В глазах девушки отразились благодарность и надежда.

— Дима на днях сказал мне, что ты набираешь добровольцев для эксперимента.

— И что из этого вытекает?

— Хочу предложить тебе себя.

Аглая была озадачена.

— А что тебе известно о нашем эксперименте?

— Я имею в виду ваш аппарат под названием «Бочка».

— Есть у нас такой. Называется он, конечно, по-другому, но мы зовем его бочкой из-за цилиндрической формы. Но как ты представляешь себе суть эксперимента, в котором собираешься участвовать?

— Дима сказал, что бочка является ограничителем памяти. Можно избирательно отключать память помещенного в нее человека и тем самым заставлять его концентрироваться только на части событий его жизни.

— Да, это так. В бочке можно менять уровень изолированности от внешнего мира. А это влияет на воспоминания испытуемого. И что же ты хочешь получить от этого эксперимента, Женя?

Надежда в глазах девушки разгорелась сильнее.

— Я потеряла себя, Аглая. Мне нужно найти себя вновь.
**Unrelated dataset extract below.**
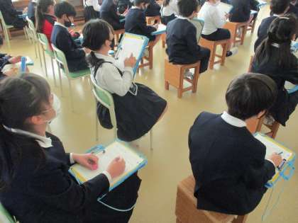 6月にもセミのお話をしていただき、その際に3年生は「いきもの調査隊」として任命されました。今回は、今年の3種類のセミの鳴き声はいつから聞こえ始めたのかの結果を発表していただきました。呉羽山でよく聞こえるセミと学校のまわり(町)でよく聞こえるセミがいることやいつからセミが鳴き始めたのか、3年生の調査の結果を教えていただきました。調査した3年生、さらに頑張って取り組んだみなさんには素敵なプレゼントがありましたね。調査についてのホームページのQRコードも今日いだきましたので、ぜひお子さんとご覧ください。

Аглая смотрела внимательно.

— Цель, конечно, достойная, но мне надо посоветоваться с Димой. Если он не будет возражать, то я, пожалуй, засуну тебя в нашу бочку.

Руки девушки мгновенно сложились в мольбе.

— Пожалуйста, не надо дожидаться Диму. Он очень тревожится за меня. А у меня нет выбора — наступает предел моих возможностей существовать дальше.

Аглая оценила ситуацию и приняла решение.

— Хорошо. Я помещу тебя в бочку. Сила твоих чувств мне известна. Не исключено, что эксперимент поможет тебе принять необходимые для текущего момента решения. Но все же знай, что ощущение предела — это признак готовности к переходу в новое состояние.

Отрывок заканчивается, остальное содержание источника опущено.